With cyber security, the common maxim today is a chain is only as strong as its weakest link, and when it comes to supply chains, this could be practically anywhere. Businesses need to ask themselves what and where the soft spots in the armour are, and if anything can be done to manage those risks.
Today’s attackers are always on the lookout for new ways to infiltrate businesses and get their hands on their sensitive data, and are finding entry points through vendors and third-party partners. This means that all businesses, even the ones with the best security tools and solutions in place must seriously consider how well they are able to defend against threats that are introduced by third-party suppliers.
This lesson came into sharp focus in December 2020, when IT monitoring and management solutions company SolarWinds, was the subject of a breach that spread to its clients and went undetected for months. The malefactors behind the attack were able spy on several top-tier private companies such as cyber security giant FireEye, Microsoft, and several US Government agencies, including the Department of Homeland Security and the Treasury Department. Updates to the company’s Orion software application were trojanised, turning it into a back door that could communicate with third-party servers.
While this was far from the first supply chain attack, it was definitely the one that made the world sit up and take notice. It was described as 11 out of 10, and many security experts said the impact will be far ranging, lost lasting and much worse than we think.
The attack in 2013 against retail giant Target is another prime example. Bad actors compromised systems at one of the company’s suppliers, then used the application’s trusted status to get a foothold in the retailers network and compromise sensitive information.
Unfortunately, as well protected as an organisation is, it has no control over the security measures implemented by its supply chain, and hackers realise that by attacking the weakest links within the company’s network, they can not only go after multiple targets at once, they can wreak major havoc, and slip through the security nets while doing so.
These attacks, which can take months to detect, can result in personal data being compromised, operations being halted or disrupted, money being stolen, massive fines being levied against the company, and its reputation being destroyed.

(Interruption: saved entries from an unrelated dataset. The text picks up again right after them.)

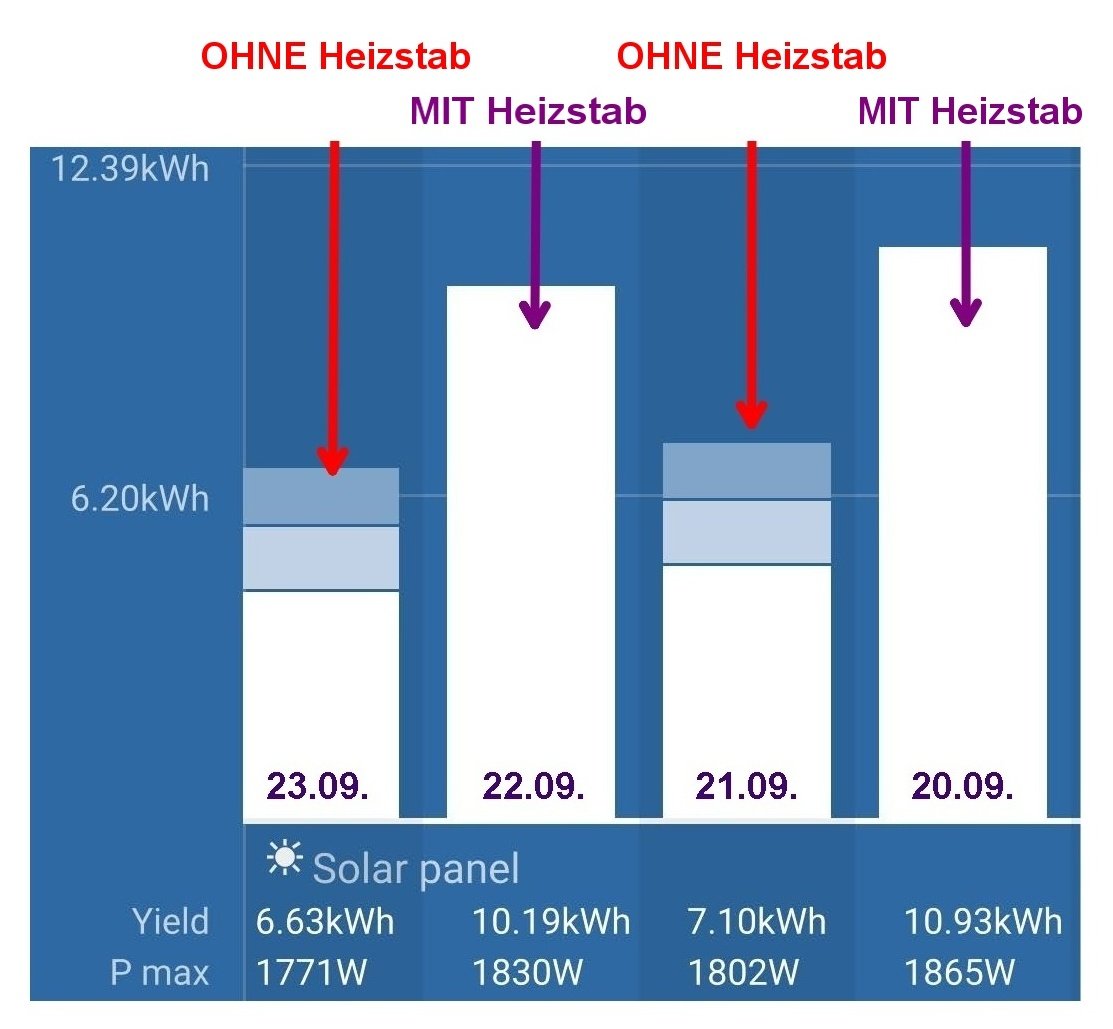Na konci dne byla baterie úplně stejně plná, jak se spirálou, tak i bez - ALE zisk úplně jiný na jednom 2,25kWp stringu.
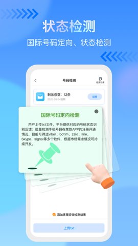 3、能够检测号码是否在特定应用程序中注册,帮助用户了解目标客户的使用习惯。
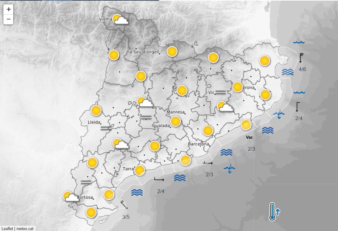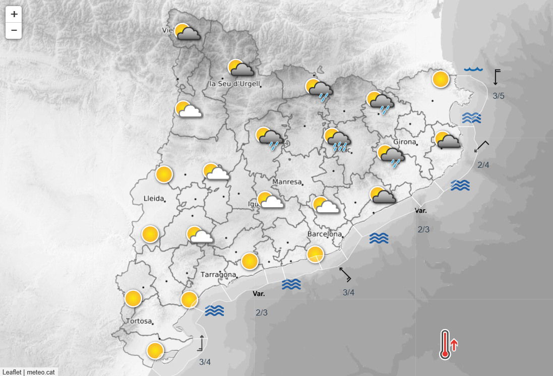 Durante la mañana el gran dominador será el sol, pero por la tarde el astro perderá protagonismo. En la mitad norte del país crecerá la nubosidad y el cielo quedará muy nublado. El aumento de estos bancos de nubes a partir de las horas centrales del día se traducirá en chubascos dispersos en varios puntos del territorio como el Pirineo, Prepirineo e interior del cuadrante noreste, una sorpresa en forma de precipitaciones en un día, hasta el momento, dominado por el sol. Al anochecer las nubes se mantendrán y se prevé que se pueda producir algún chubasco débil y aislado en puntos del sector central del litoral. El Meteocat señala que las precipitaciones en Cataluña serán «de intensidad débil, o localmente moderada, y acumularán cantidades mínimas de precipitación».
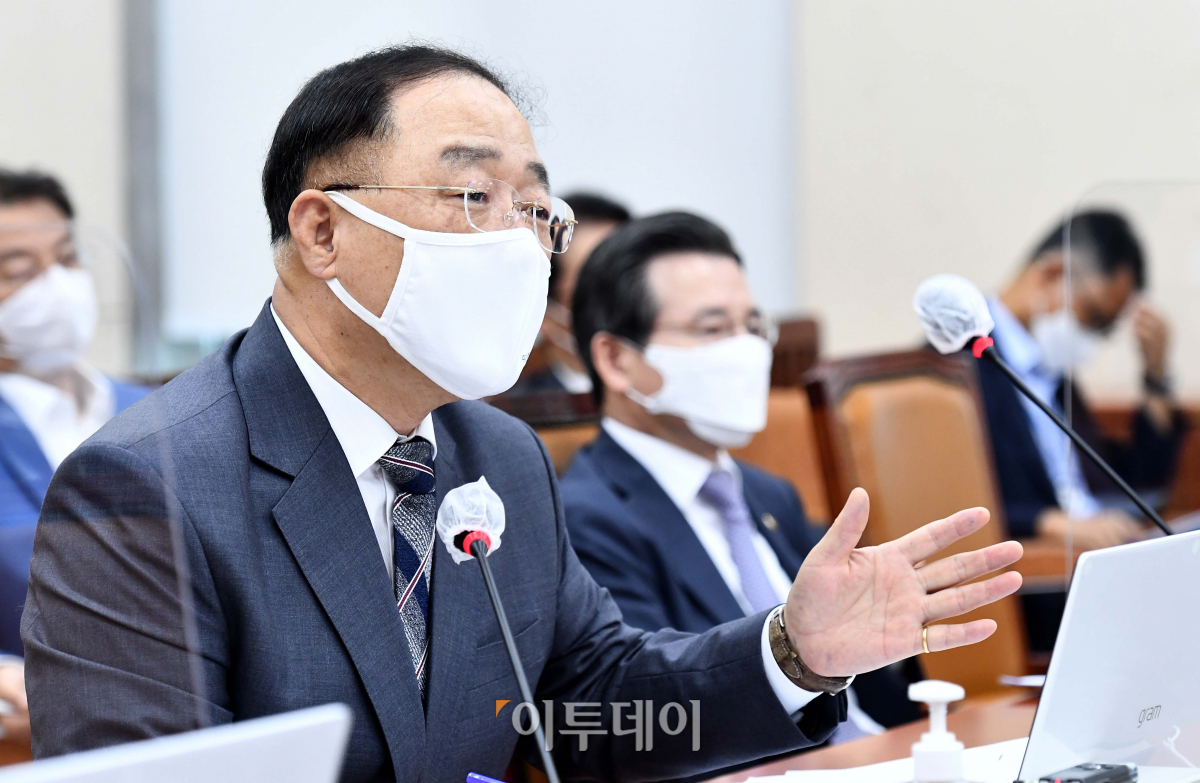 홍남기 부총리 겸 기획재정부 장관이 16일 서울 여의도 국회에서 열린 기획재정위원회 전체회의에서 의원의 질의에 답하고 있다.

So how can these attacks be prevented? Well, while there’s no silver bullet, there are a few ways company's can lessen the chances. Firstly, prevent shadow IT by minimising the number of users that are allowed to install unapproved apps, which will shrink the attack surface. Review access to confidential data - no user should have access to anything they don’t strictly need in order to do their jobs. Known as the principle of least privilege, this works because the fewer people have access to data, the lower the risk of a supply chain attack being successful.
Finally, implement cyber security awareness training. All users within your organisation and your supply chain need to understand how data breaches can occur and how they can help pinpoint threats and prevent attacks. Training should educate users on various aspects of cyber security, including password security, social engineering, company policies, phishing and suchlike. The more users understand these threats, the faster they will react in the event of an incident, and the better protected your network will be.